5-I-R91150

Identifiers
- IUPAC name 4-amino-N-[1-[3-(4-fluorophenoxy)propyl]-4-methyl-4-piperidinyl]-5-iodo-2-methoxybenzamide;
- CAS Number: 155928-24-8;
- PubChem CID: 132997;
- ChemSpider: 117371;
- UNII: T0W602CN0W;
- CompTox Dashboard (EPA): DTXSID90165995 ;

Chemical and physical data
- Formula: C_{23}H_{29}FIN_{3}O_{2}
- Molar mass: 525.407 g·mol^{−1}
- 3D model (JSmol): Interactive image;
- SMILES Ic1cc(c(OC)cc1N)C(=O)NC3(CCN(CCCc2ccc(F)cc2)CC3)C;
- InChI InChI=1S/C23H29FIN3O2/c1-23(27-22(29)18-14-19(25)20(26)15-21(18)30-2)9-12-28(13-10-23)11-3-4-16-5-7-17(24)8-6-16/h5-8,14-15H,3-4,9-13,26H2,1-2H3,(H,27,29); Key:MIPHZURHMMOGLS-UHFFFAOYSA-N;

= 5-I-R91150 =

Chemical compound

5-I-R91150 (or R93274) is a compound that acts as a potent and selective antagonist of 5-HT_{2A} receptors.
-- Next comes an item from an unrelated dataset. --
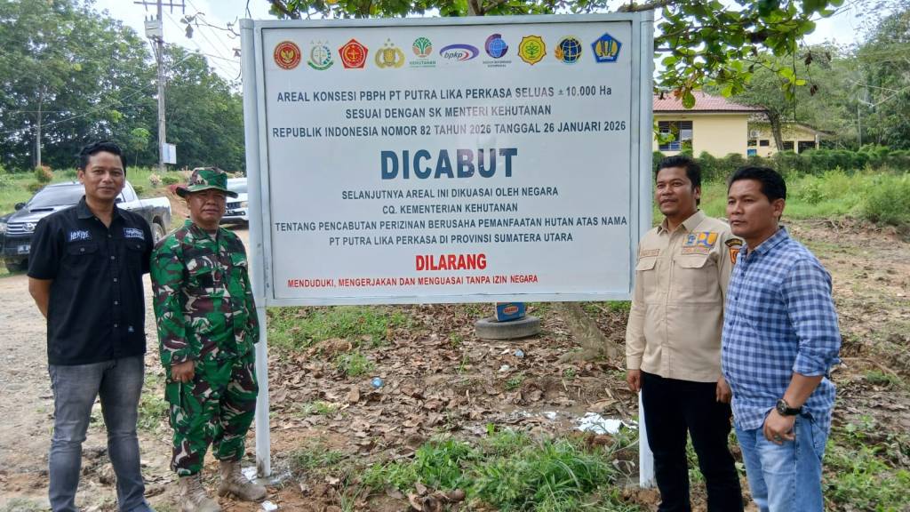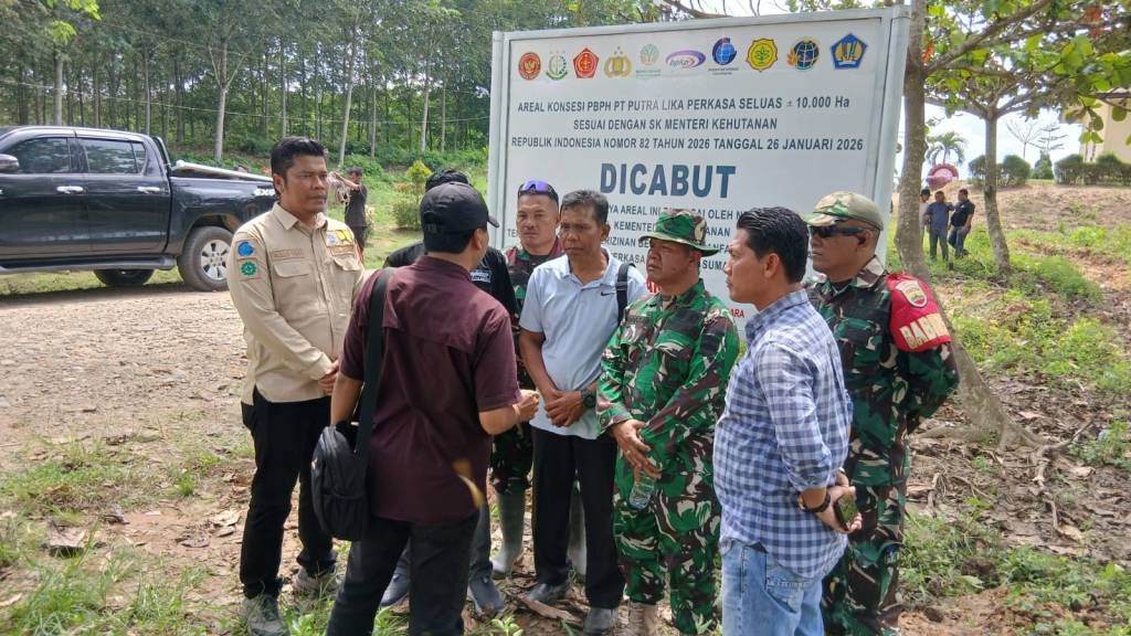 Labuhanbatu Selatan , kodim0209labuhanbatu – Kodim 0209/Labuhanbatu melalui Koramil 12/LP melaksanakan pendampingan kegiatan pemasangan plang PBPH (Perizinan Berusaha Pemanfaatan Hutan) di kawasan hutan PT Putra Lika Perkasa, Aek Napanas, Kelurahan Langga Payung, Kecamatan Sungai Kanan, Kabupaten Labuhan Batu Selatan, Jumat (6/2/2026). Kegiatan pendampingan ini dipimpin langsung oleh Danramil 12/LP Kapten Inf Mahyudin Siregar, S.H., bersama dua orang anggota.

Its main application is as its iodine-123 radiolabeled form, in which it can be used in SPECT scanning in human neuroimaging studies, to examine the distribution of the 5-HT_{2A} receptor subtype in the brain, e.g. with respect to sex and age and in adults with Asperger syndrome or Alzheimer's disease.

An alternative 5-HT_{2A} receptor ligand also used in neuroimaging is altanserin.